On trouve des échos lynchiens, des obsessions cronenberghiennes sur la nouvelle chair et le pouvoir des médias ("Videodrome") portées à leurs extrêmes conséquences, montage de clip, films de monstres japonais, samouraïs (post)postmodernes urbains avec des tubes métalliques à la place des katana et une esthétique "Manga" mélangés de manière minutieuse sans qu'il soit possible de comprendre où finit une influence et où commence la suivante. Le tout évidemment tiré à une vitesse folle, souvent hyper-accéléré, presque comme si l'on était face à un bombardement de frames accompagné d'une symphonie de cliquetis métalliques, de tapis rythmiques d'engrenages et de cris glaçants.
En observant "Tetsuo", on se retrouve face à un travail sans précédent dans l'histoire du cinéma, un film qui est avant tout "Autre", "Nouveauté", "Point de Rupture" dans sa volonté de choquer et d'être extrême simplement pour le plaisir de l'être.
Dans ce délire de technologie, de chair, de sang, de violence et de sexe (présent en doses massives, qui sera ensuite laissé de côté dans "Tetsuo 2-Body Hammer"), Tsukamoto parvient néanmoins à véhiculer un message, aussi parce que nous sommes en présence de l'exemple classique de la "forme" qui coïncide avec le "contenu" : Tsukamoto nous dit que nous faisons trop confiance à la technologie et aux mass-médias, que l'œuvre d'infection du métal avec notre chair a déjà commencé depuis longtemps et que nous ne nous en sommes même pas rendu compte.
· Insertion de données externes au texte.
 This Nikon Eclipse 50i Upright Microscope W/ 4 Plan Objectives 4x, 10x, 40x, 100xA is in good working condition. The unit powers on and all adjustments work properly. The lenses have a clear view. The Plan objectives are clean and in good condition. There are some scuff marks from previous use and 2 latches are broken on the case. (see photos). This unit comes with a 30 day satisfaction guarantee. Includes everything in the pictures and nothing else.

Nous ne sommes même plus capables de distinguer la réalité de la fiction télévisée. Ce qui sort du tube cathodique a la même valeur que le réel, ou peut-être que le réel n'est capable d'acquérir ce statut que lorsqu'il est confirmé par la télévision. Peut-être les deux.
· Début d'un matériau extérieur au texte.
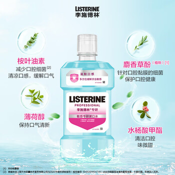 李施德林(Listerine)漱口水 抗牙敏感500ml 温和清新口气深层清洁减少细菌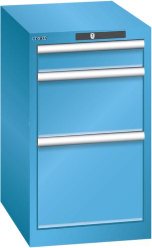 "longDescription": "LISTA Schubladenschrank, Lista Einheit: 18x27E, BxTxH: 411x572x700mm, Schubladen-Nutzfläche BxT: 306x459mm, Anzahl Schubladen: 3, Anzahl Fronthöhen (Tragkraft): 1x100mm (75kg), 1x200mm (75kg), 1x300mm (75kg), Schliessart: Key Lock, Standard-Schliessung mit Wechselyzlinder inkl. 2 Schlüsseln mit Schlüsselnummer, Farbe Gehäuse: Lichtblau RAL 5012, Farbe Schubladen: Lichtblau RAL 5012. Höchste Stabilität: Gehäuse bis 4t belastbar, Schubladen mit 75 oder 200 kg Tragkraft. Maximale Ausnutzung dank Vollauszug und optimaler Mantelhöhe der Schubladen. Exzellente Schutzeigenschaften gegen Schmutz, Flüssigkeiten und mechanische Beanspruchung durch geschlossenes Gehäuse mit schlag- und abriebfester Oberfläche. Überzeugende Sicherheit: Aushebesicherung gegen Herausfallen der Schubladen und Einzelschubladensperre als Kippschutz. Korrosionsschutz durch Elektrophorese-Tauchlackierung und umweltfreundlichen Pulverlack. Optimale Ordnung und Organisation dank speziellem LISTA-Einteilungsmaterial für jeden Zweck und gelochter, geschlitzter Schubladen. Professionelle Beschriftung mit Beschriftungssoftware LISTA Script und hochklappbarer Griffleiste zum Einlegen der Etiketten. Perfekte Laufruhe durch traversenlos geführten Differenzialauszug. Flexible Anpassungsmöglichkeiten durch vorperforierte Löcher für Tischplatten (Punchout), Rollen, Schubladen, Schliesssysteme für einfaches Um- und Nachrüsten<br>",

Ce message, qui nous montre que Tsukamoto en 1989 voyait loin, est plus actuel que jamais et trouve comme toile de fond une ville montrée de manière frénétique, morcelée, presque comme des éclats fous d'une métropole trop grande et effrayante pour être capturée dans son ensemble, car elle aussi reflet du progrès démesuré de l'être humain.
La mise en scène suit la folie du message/contenu : la réalisation est psychotique et erratique, le montage hypercinétique, les mouvements de la caméra nerveux et souvent l'esthétique de clip (très différente de celle des divers "Saw" qui sévissent aujourd'hui) rend le tout encore plus frénétique et difficile à suivre aussi parce que, souvent et volontiers, on procède par un accumulation d'images presque comme s'il s'agissait d'un véritable lavage de cerveau.
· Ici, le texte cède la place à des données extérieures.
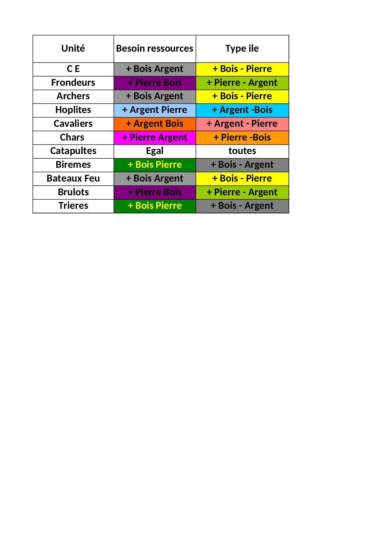 hoplites catapultes toutes besoin ressources archers argent bateaux pierre unite frondeurs biremes cavaliers chars brulots

Une œuvre difficile à suivre et à assimiler, mais d'un charme plus unique que rare au sein de la cinématographie Extrême (avec un E majuscule), qui capture au niveau subliminal et qui s'implante dans le cerveau du spectateur, sans plus le quitter ; un travail puissant et visionnaire (souvent ce mot est utilisé à tort et à travers, mais ici il apparaît plus que jamais justifié) qui laisse bouche bée pour
richesse de contenus malgré l'hermétisme des choix du réalisateur.
"Tetsuo" est un film extrême dans chacune de ses facettes et qui, justement pour cela, n'admet aucun compromis et demi-mesure : soit on l'aime soit on le déteste. Et si on l'aime, il ne s'agit pas d'une pellicule à insérer dans le lecteur DVD pour passer un peu plus d'une heure agréable devant l'écran ; "Tetsuo" est un film qui nécessite la bonne disposition mentale du spectateur chaque fois qu'on décide de le voir, car il ne s'agit pas d'une vision agréable, au moins pas dans la manière dont nous sommes portés à l'entendre dans la vie de tous les jours. "Tetsuo" est une expérience épuisante, étourdissante, dont, si on survit, on ressort changé, infecté, muté.
Souvent, dans des cas comme ceux-ci, on dit "Pour beaucoup, mais pas pour tous".
Avec le film de Tsukamoto, ce dicton ne vaut même pas : "Tetsuo n'est pas pour beaucoup, encore moins pour tous... il est vraiment pour très peu".
Il mériterait une demi-courge en plus.